HPV E6 structure organization
HPV infection induces host cells immortalization, which contributes immune response evasion and cancer development. Two main HPV genes stay hidden within host genome, making cells expresses the oncogenic proteins they code for. Over expression of E6 and E7 maintains the host cells immortalization, regulates cell phenotype and malignancy transformation and the consequent loss of mitosis control . E6 and E7 are highly expressed in tumor cervical cells, alter the synthesis and activity of cytokines and host tumor suppressor proteins, such as p53 .
E6 protein contains domain named E6 superfamily and a conserved zinc-binding motif. Through this motif, E6 is able to interfere with the metabolism host proteins such as those related to immune response (TRAF family)  and those that control cell cycle, such as p53 . Approximately 46% of E6 structural are helical spanning through 176 amino acid residues and 20?ta-sheet spanning through 79 residues. Figure 3A shows the most stable conformational surface structure of HPV E6 when bound to TRAF5 and their interface of interaction. Figure 3B shows the pattern of alfa-helices and beta-strands that comprise the secondary structure of the protein.
Interaction between TRAF5 and HPV E6
Figure 4A and B shows the best model of interaction between TRAF5 and HPV E6. Amino acid residues scored as hot spots stabilize the large interface of interaction between the bindings of host-pathogen proteins. The residues that most contribute to free-energy of binding are listed on table 1. The hot spot residues are place within the interface of interaction (Figure 4) and they interact with amino acid from the other protein through polar, hydrophobic and electrostatic interactions. Interestingly, all the residues that most contribute to the stabilization of the complex are polar amino acids.

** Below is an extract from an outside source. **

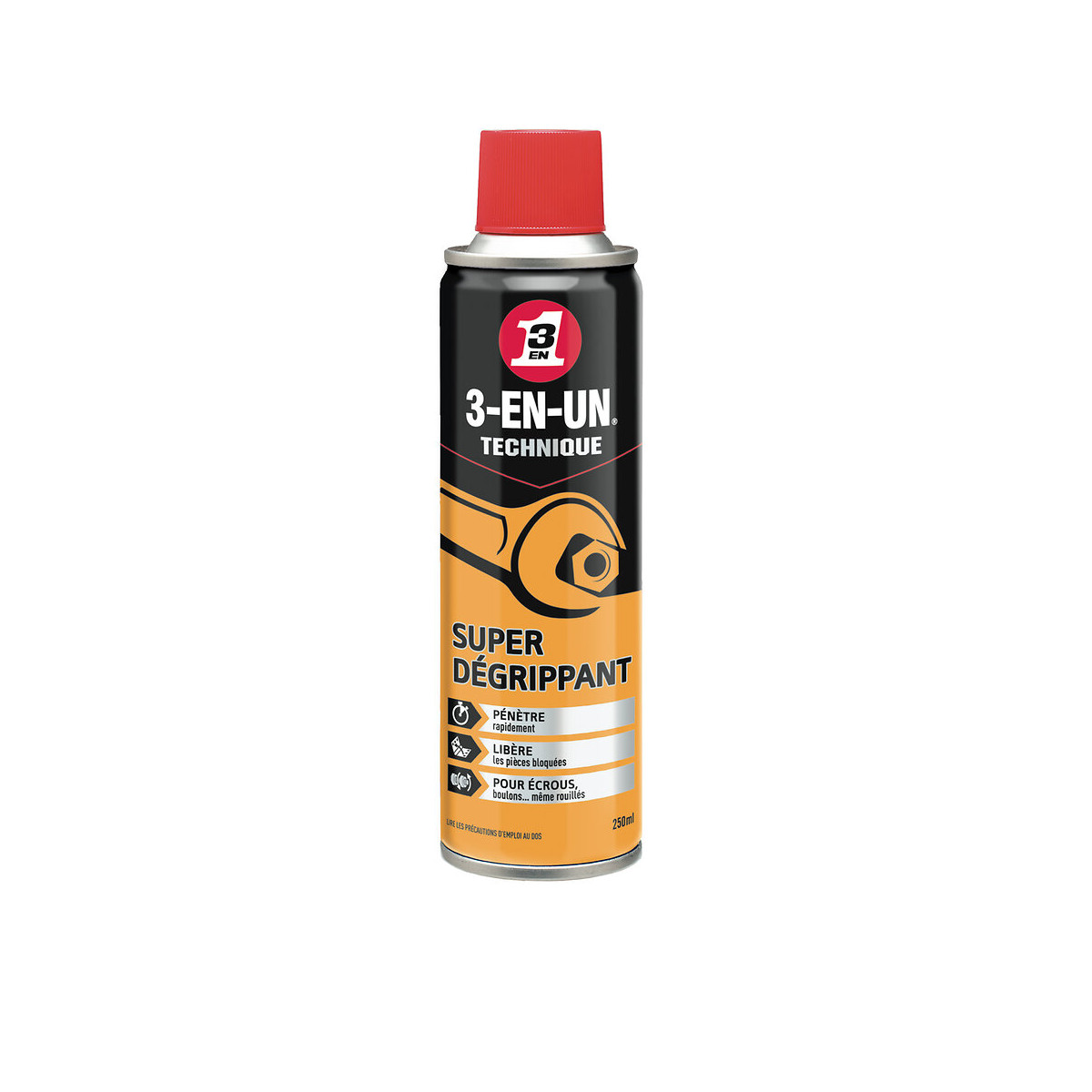 Avec sa formule à action rapide, le Super Dégrippant 3-EN-UN® TECHNIQUE débloque les pièces grippées avec une efficacité renforcée. Issu de vingt mois de recherche par le laboratoire de WD-40 aux États-Unis, ce produit offre un résultat étonnant, même pour un usage industriel : il pénètre dans les parties les plus inaccessibles, disperse la rouille, les salissures et dépôts divers pour libérer les mécanismes corrodés ou coincés.Spécifications techniques

Table 1: Amino acid residues that most contribute to a stable interaction between TRAF5 and E6
Polar interactions are key contributors to the specificity of interactions. Here, we hypothesize that for high-risk HPV types (such as HPV 16), the complex formed by E6 and TRAF5 are well stabilized mainly by those residues (Table 1) and this interaction my reduce TRAF5 activity. Therefore, it alters the levels of cytokines for a proper immune response.
Figure 5 shows a small segment of the interface of interaction between the proteins TRAF5 and E6, with the hotspot residues listed on table 1. The amino acid residues Thr81 and Glu79 located on the TRAF5 sequence and the residues Arg427 and Asp502 located on the E6 sequence project into the interface of interaction and contribute to the free-energy of the interaction. Neighbor residues also contribute to stabilize the complex. E6 and other oncogenes from high-risk HPV types deregulate immune response and might lead to malignancy transformation of the host cells .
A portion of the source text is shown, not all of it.